• _Task description_: What is needed is an exact copy of every line from the one containing "Seehund (Tip XXVII" through the end of the entries; please set it down without any pictures.

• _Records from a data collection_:
= = =
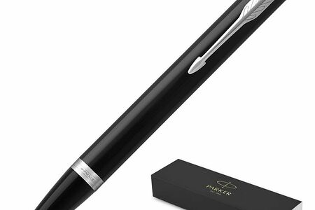 Шариковая ручка Parker IM из обновленной коллекции IM. Основные особенности нового дизайна: новыйзажим-стрела с тремя широкими перьями, укороченная форма торца на колпачке, широкое кольцо на корпусе теперь состоит из трех соединенных вместе колец, на среднем выполнена гравировка логотипа Parker. Диаметр шарика 1,0 мм. Толщина линии письма 0,8 мм. Ручка оснащается кнопочным механизмом нажимного действия. Корпус шариковой ручки выполнен из латуни и покрыт глянцевым лаком черного цвета, детали дизайна покрыты хромом. Ручка поставляется в престижной подарочной коробке с обновленным дизайном. В комплекте также присутствует один стержень синего цвета.
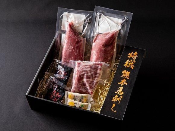 お土産や贈り物に喜ばれる馬刺しの定番セットをご用意しました。タレ・おろし生姜付きのセットなので、カットしてすぐにお召し上がりいただけます。
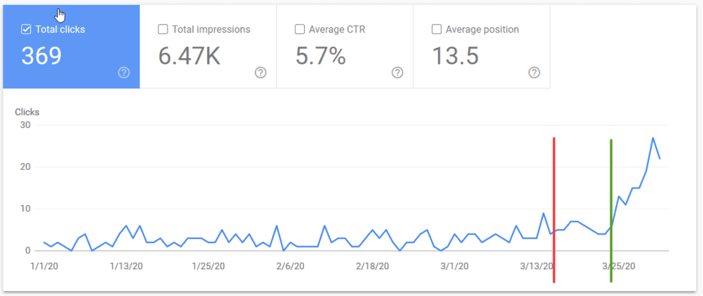 Ez törént velem idén is. 2020. március 15-én építettem egy releváns, hiteles linket egy oldalra. Majd nem történt napokig semmi. De aztán 2020. 03. 24-én megindult a forgalom felfele.
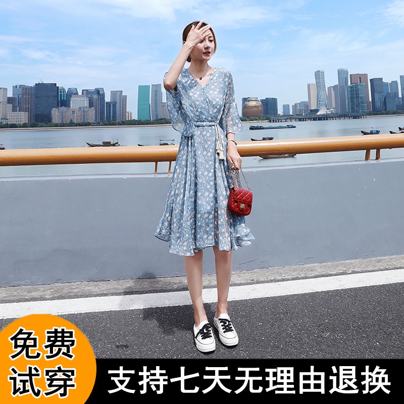 高级感碎花雪纺连衣裙女夏2025新款遮肚收腰显瘦气质v领仙女裙子
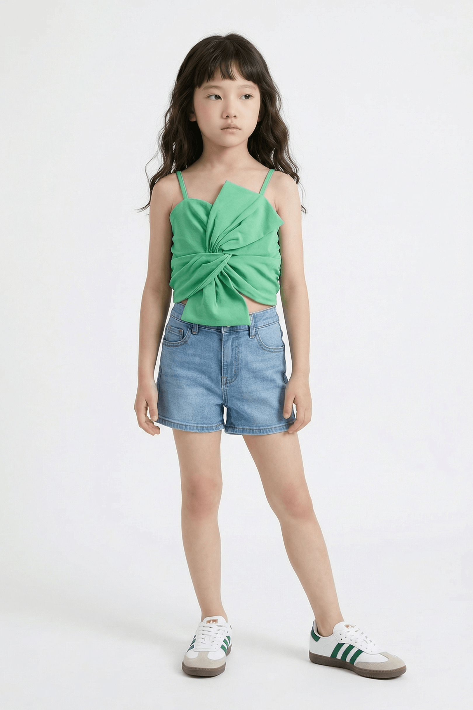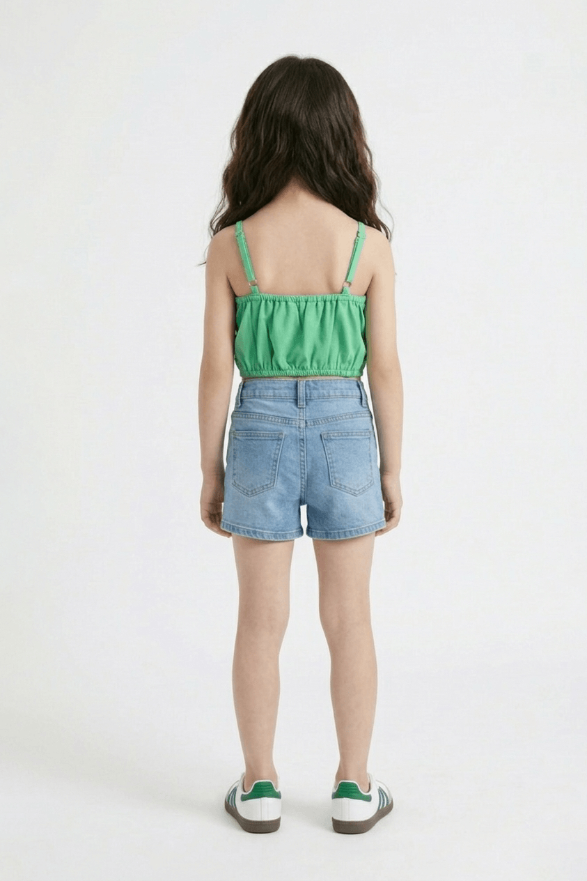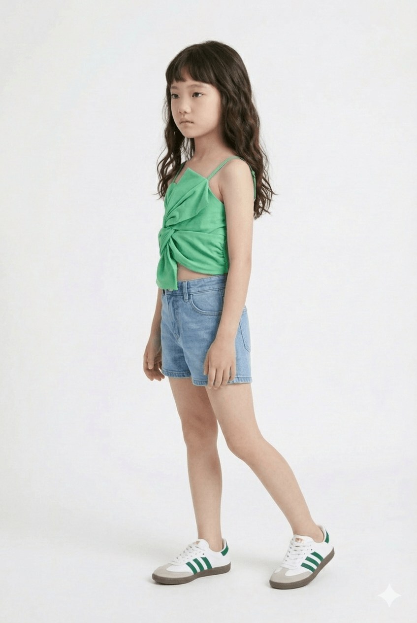 Woven Sleeveless Solid Twist Bow detail Crop Top - Green
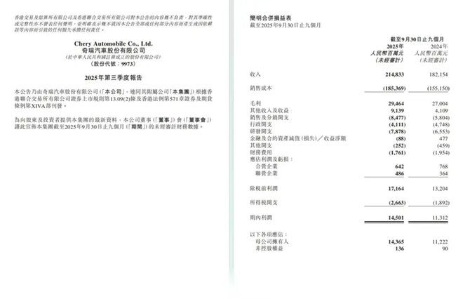 当汽车行业还在“增收不增利”的泥潭里挣扎时,奇瑞汽车在广州车展前悄悄甩出了上市后的首份成绩单——2025年前三季度的财报:2148.33亿元营收、143.65亿元净利润,同比分别大涨17.94%和28%的数字……,一组“反常”的数据,打破了行业的沉闷。
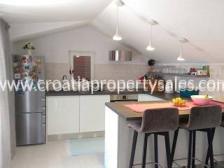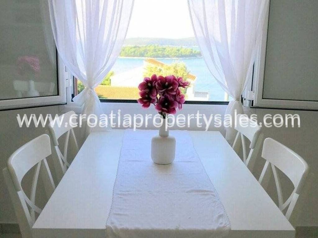 For sale we have a part of the house (first floor and loft space), with a total of 3 apartments.Two categorized apartments are located on the first floor of 105 m2 of living space.Each apartment has 1 bedroom, kitchen, living room, bathroom and balcony overlooking the sea.The loft has a large apartment of 84m2 with two bedrooms, living room, kitchen and dining room, bathroom, hallway and terrace with unique views of the sea and islands.The building also has an outdoor storage space and two parking spaces.The apartments are in excellent condition and are being sold fully furnished.The two apartments are categorized and bring great profit. It is possible to continue renting, the business is well-established with exelent reviews.With the apartments in the package goes a boat that is ideal for trips to nearby islands and Drvenik.Surrounded by pine trees, beautiful beaches and the center of a small beautiful village is only 150 m away.
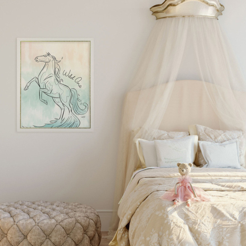 Ce poster du cheval magique de la Reine des Neiges, dans des tons bleus apaisants, apporte une touche féerique à la déco. Son format 30 x 40 cm est idéal pour habiller un mur sans l’encombrer, que ce soit dans une chambre ou un coin lecture.
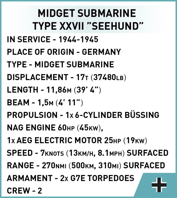Seehund (Tip XXVII B) bila je njemačka minijaturna podmornica iz 1944. s dvočlanom posadom, korištena pri kraju Drugog svjetskog rata. Ovaj licencirani kolekcionarski set nastao je u suradnji s Deutsches Marinemuseum, gdje je izložen jedan od rijetko sačuvanih primjeraka. COBI set vjerno dočarava karakteristične linije originala u optimiziranom mjerilu 1:72.
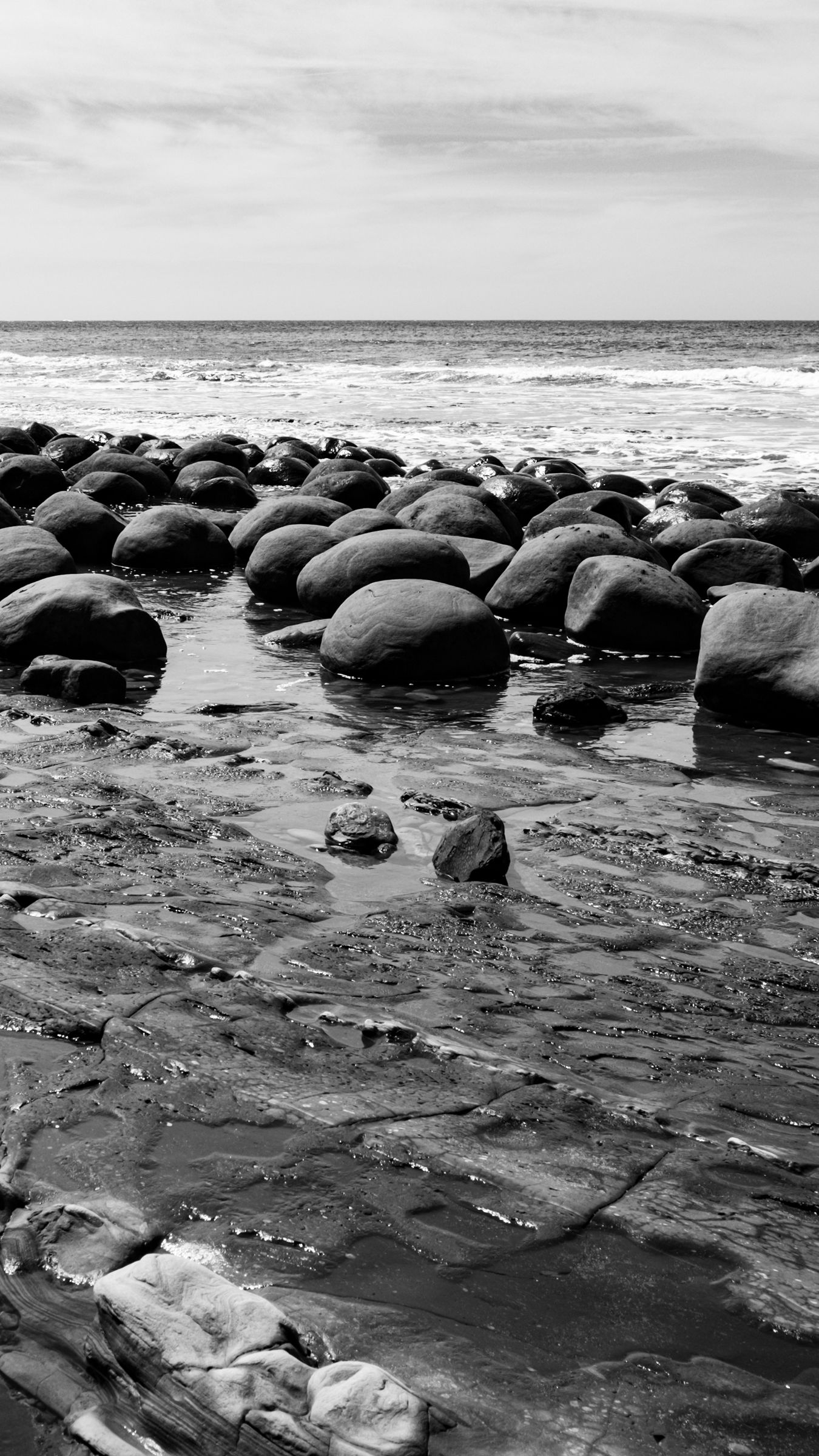 1350x2400 камни, море, вода, пляж, горизонт, чб обои iphone 8+/7+/6s+/6+ for parallax
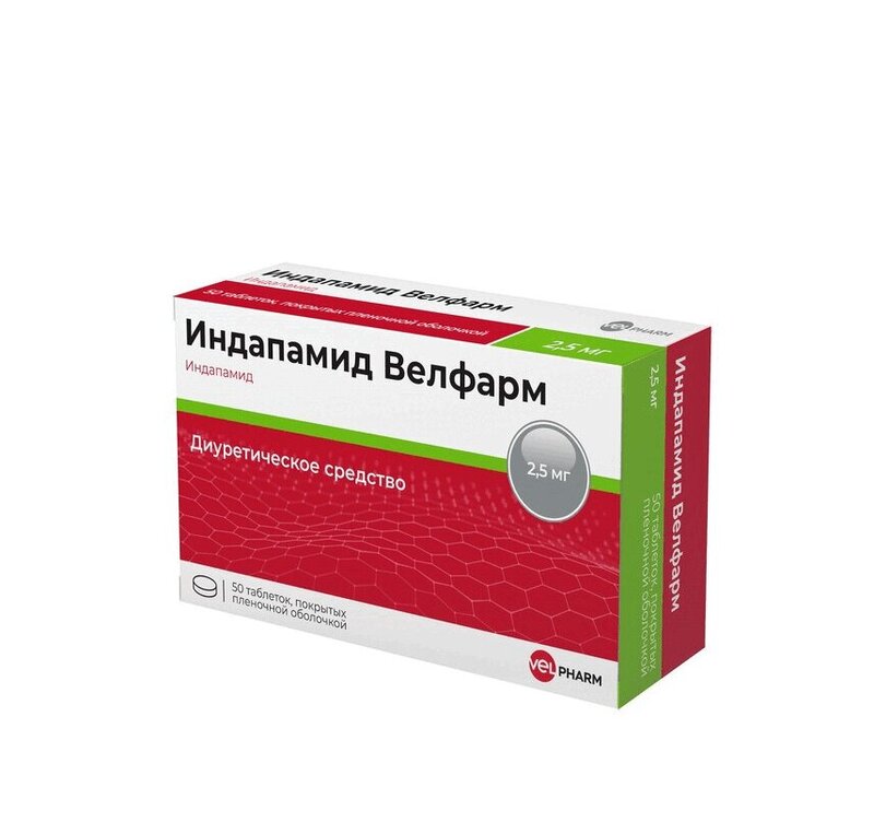 Индапамид Велфарм таблетки покрытые пленочной оболочкой упаковка контурная 2,5 мг 50 шт
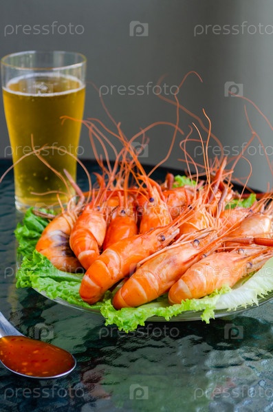 Вкусные огромные вареные королевские креветки, стакан пива и острый соус на стеклянном столе
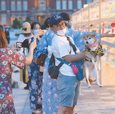 2020年8月,日本东京车站前广场举行了一场夏日风铃展。图为一名日本民众在展览上怀抱宠物犬留影。 |
= = =
• _Written solution_:
Seehund (Tip XXVII B) bila je njemačka minijaturna podmornica iz 1944. s dvočlanom posadom, korištena pri kraju Drugog svjetskog rata. Ovaj licencirani kolekcionarski set nastao je u suradnji s Deutsches Marinemuseum, gdje je izložen jedan od rijetko sačuvanih primjeraka. COBI set vjerno dočarava karakteristične linije originala u optimiziranom mjerilu 1:72.
 1350x2400 камни, море, вода, пляж, горизонт, чб обои iphone 8+/7+/6s+/6+ for parallax
 Индапамид Велфарм таблетки покрытые пленочной оболочкой упаковка контурная 2,5 мг 50 шт
 Вкусные огромные вареные королевские креветки, стакан пива и острый соус на стеклянном столе
 2020年8月,日本东京车站前广场举行了一场夏日风铃展。图为一名日本民众在展览上怀抱宠物犬留影。 |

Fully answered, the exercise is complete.